HoloLens is a Mixed Reality (MR) solution encompassing a wide range of experiences that previously were considered to be only augmented reality or only virtual reality. In mixed reality, people, places, and objects from the physical and virtual worlds merge together in a blended environment.
Takaaki Inoue, director of engineering and quality assurance for Japan Airlines’ U.S. operations, told bizjournals.com that JAL was the first Asian company and airline to develop training tools with the HoloLens technology. Development work began in August 2015, and a prototype was completed this fall.
HoloLens-produced images allow mechanics to experience a strikingly realistic environment using a pair of goggles connected to a nearby computer. A three-dimensional hologram image of a jet engine appears to hang suspended from the ceiling in the room. A HoloLens-wearing student may stand beside it and examine the engine up close and even take it apart, allowing examination of structure and connections to other nearby aircraft systems. According to stocknewsusa.com, Microsoft is also developing a new system which tracks the users’ gaze. The goal of this system is to help those that cannot use a mouse, or to allow the control of a computer to those that have their hands occupied.

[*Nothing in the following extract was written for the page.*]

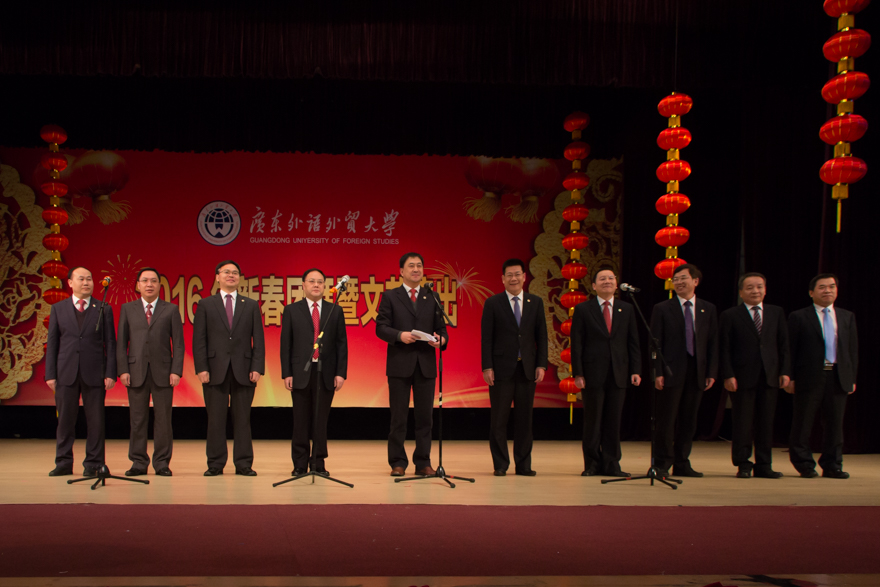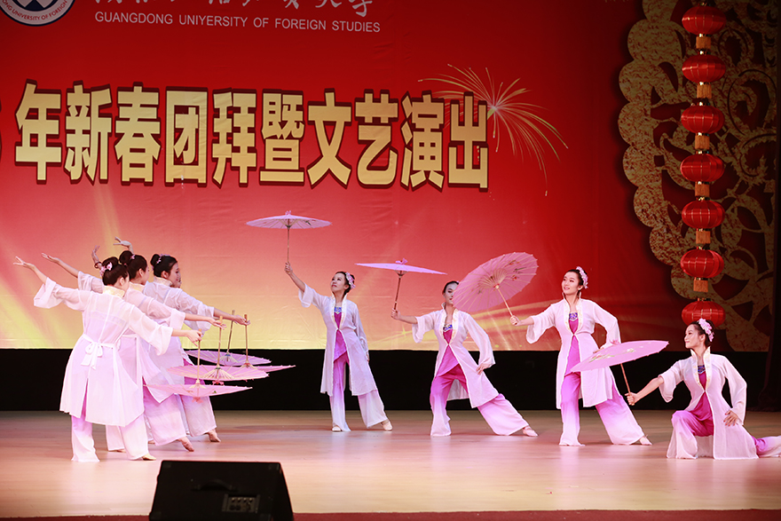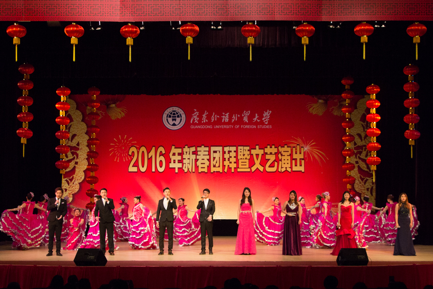 On January 21, 2016, art performances were held at Yunshan Hall by GDUFS to celebrate the coming Spring Festival. All teachers, including those from the south campus, attended and enjoyed the show. It was raining and cold outside, but people had a joyful gathering inside.

HoloLens answers the need for aircrafts which aren’t in use and can be used for training purposes. Typically, textbooks with engine panel diagrams are used to show students the various engine parts.
Inoue explained that JAL mechanics can now see the inside of a Boeing Dreamliner 787 General Electric engine and take it apart without having to park and open up an aircraft. The technology could be a game-changer when it comes to training mechanics to fix the newest planes and engines.

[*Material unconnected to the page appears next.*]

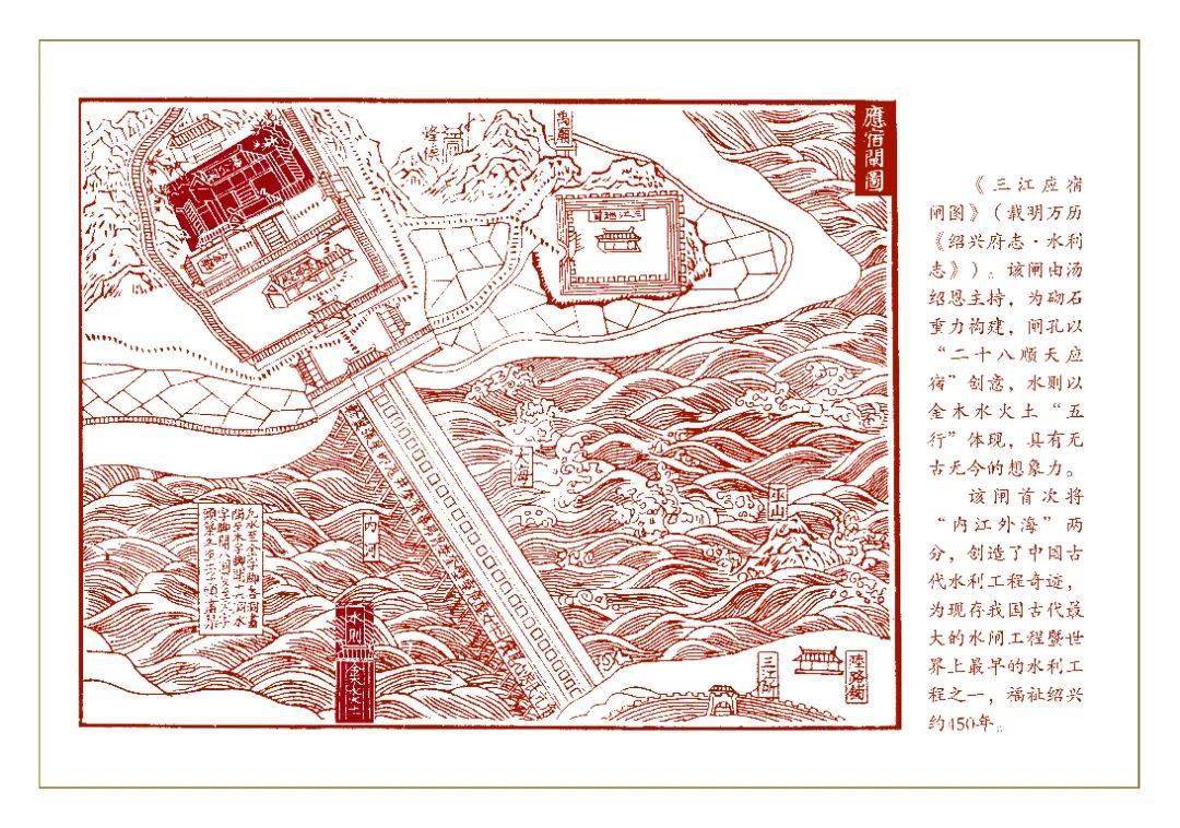 《三江闸图》载明万历《绍兴府志》。汤绍恩主持修建的三江闸,首次把江海两分,创造了中国古代水利工程奇迹

A second program centers around other parts of the 737-800. Both are experimental for now.
“We’re still trying to figure out how to implement this formally into our training system,” Inoue said.
Japan Airlines isn’t the only organization that’s found a creative way to use this new hologram technology. NASA is also using the HoloLens to train astronauts and allow those on the ground to see exactly what the astronauts are seeing in space.